VIVER A EUCARISTIA: A «COMUNHÃO DE DESEJO»

 

 

 

Pedro Boléo Tomé

 

No número anterior recordámos o carácter sacrificial da Eucaristia e a conveniência de tomarmos consciência de que, mediante a celebração do Santo Sacrifício do Altar, somos transportados ao Calvário e participamos do momento central da nossa História: o mistério Pascal da Morte e Ressurreição de Jesus Cristo. Sugeríamos que nessa visão será mais fácil participar na Eucaristia mesmo quando, em consciência, nos deparamos com algum impedimento para receber o Senhor Sacramentado.

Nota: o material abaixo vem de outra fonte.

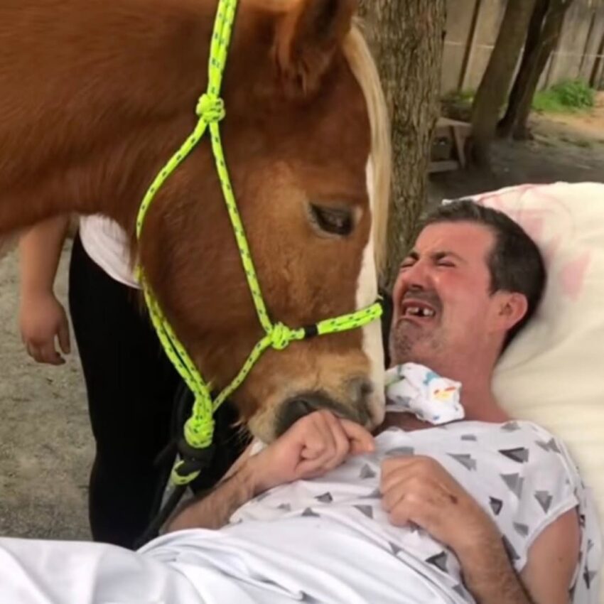 Earlier this week, Spake shared a touching video showing the moment Paçoca came to pay a visit to her father. Sensing, it would seem, the type of interaction João needed most, Paçoca gently nestled against his chest in a quiet exchange of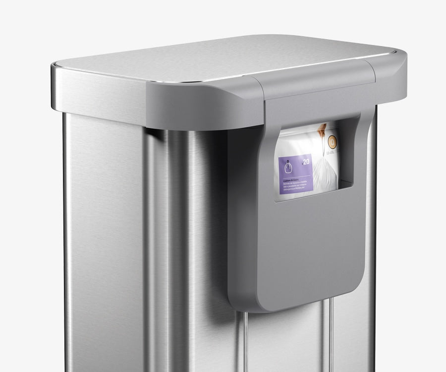Our liner rim system makes trash faster and neater. Simply lift the lid for easy access, then close it to keep the liner tidy and out of sight.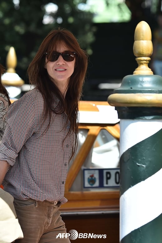 수상 택시를 타고 베니스의 엑셀시어 호텔에 도착하며 포착된 샤를로트 갱스부르는 잔 체크무늬 셔츠에 다갈색 바지, 선글라스를 매치한 모습만으로도 시선을 집중시켰다.
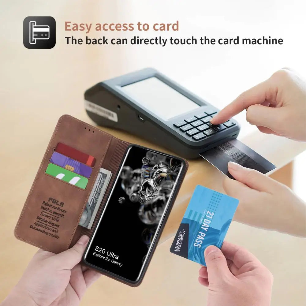 Shock absorbing high quality PU leather and TPU case with anti-fingerprint finish. Precision cutouts for buttons and charging port. Good all around protection that protects your phone from dirt, scratches and dust. Excellent fit and feel with comfortable grip. The case is slightly raised to protect the back camera and front screen against flat surfaces.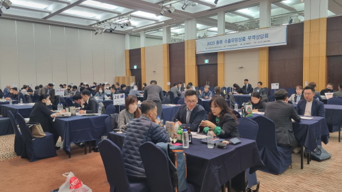 충북도와 KOTRA충북지원단은 지난 14일 그랜드플라자 청주호텔에서 도내 중소·중견기업과 해외바이어가 직접 만나는 '2023 충북 수출유망상품 종합무역상담회'를 개최했다.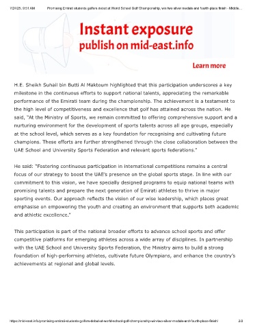 7/24/25, 9:51 AM Promising Emirati students golfers debut at World School Golf Championship, win two silver medals and fourth-place finish - Middle…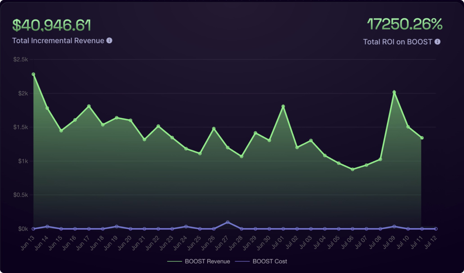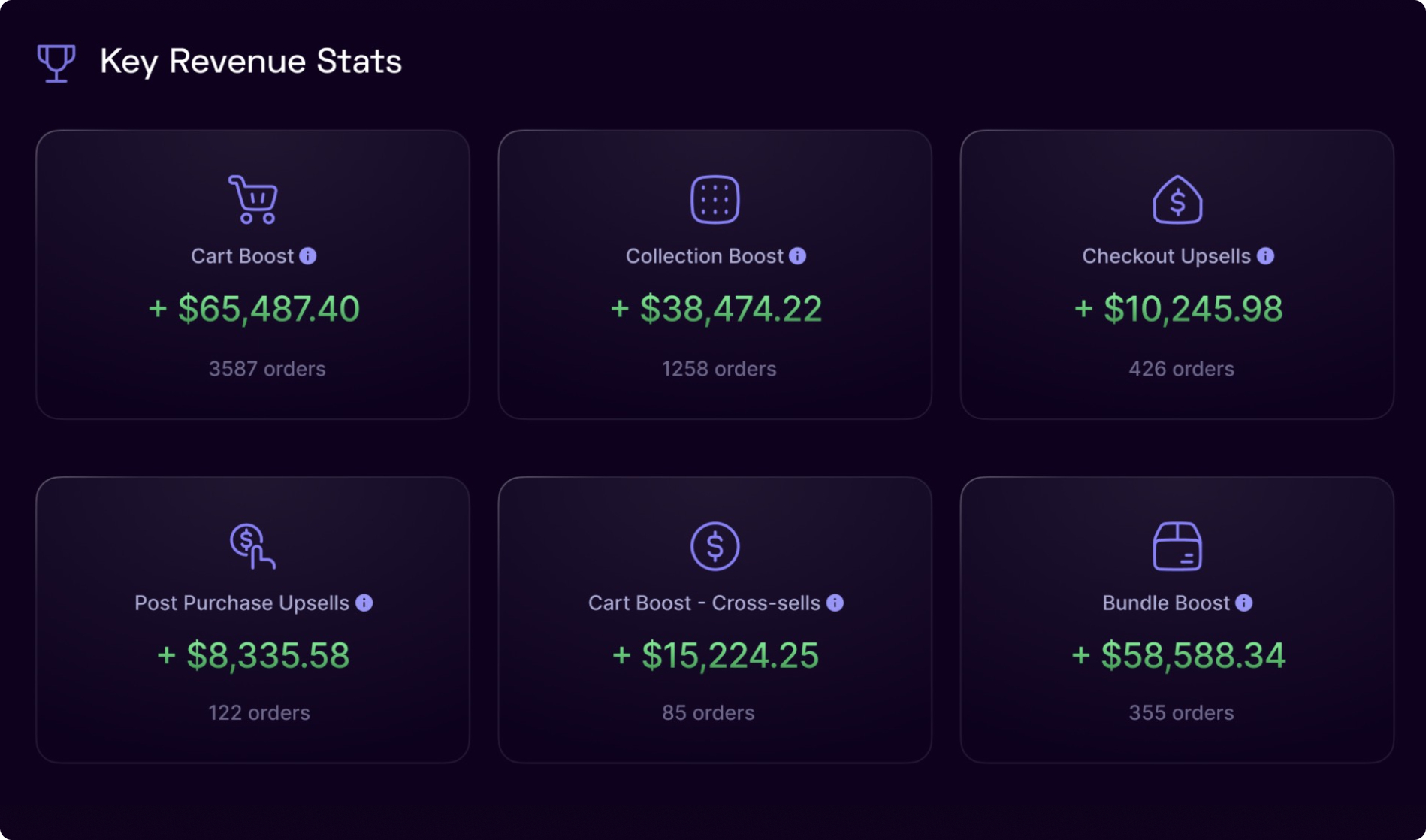 Boost includes Moneyboard, a comprehensive analytics dashboard that shows you exactly how much extra revenue Boost is generating for your store, broken down by feature.

Continuando a viver o mesmo contexto eclesial, este período de amadurecimento entre os dois sínodos sobre a família e tendo entre mãos o tema candente do acolhimento e inserção na celebração eucarística dos irmãos divorciados e que casaram civilmente, gostaríamos de reflectir um pouco mais sobre como viver a Santa Missa e de realizar uma «comunhão de desejo» para quem se encontra nessas circunstâncias.

 

Há uns anos, o Mestre de Celebrações Litúrgicas Pontifícias, Mons. Guido Marini, contava numa conferência[1] que o deixava particularmente sensibilizado a explicação que os guias mais conhecedores da Basílica de S. Pedro, em Roma, davam aos visitantes ao contemplar a obra de arte de Miguel Ângelo, a Pietá. Como se sabe, a obra do grande artista está colocada onde actualmente os concelebrantes se paramentam para a celebração eucarística sempre que está presente o Santo Padre. Os guias fazem ressaltar que as mãos da Virgem estão abertas como para entregar o corpo sacrificado de Jesus aos que contemplam a cena. A Pietá foi esculpida por Miguel Ângelo como retábulo e, por isso, destinada a servir de fundo de altar na celebração eucarística. Desse modo, o celebrante e toda a assembleia podiam observar o gesto da Santíssima Virgem, no acto de doar o Salvador à sua Igreja durante a celebração. O autor da conferência terminava a narração com esta exclamação: «Que belo é o convite deste pormenor artístico! Na celebração da Missa o próprio Senhor, ressuscitado da morte, com a sua Palavra, com o seu Corpo e com o seu Sangue entrega-se a nós para que possamos entrar no mistério da sua vida e, portanto, ser salvos».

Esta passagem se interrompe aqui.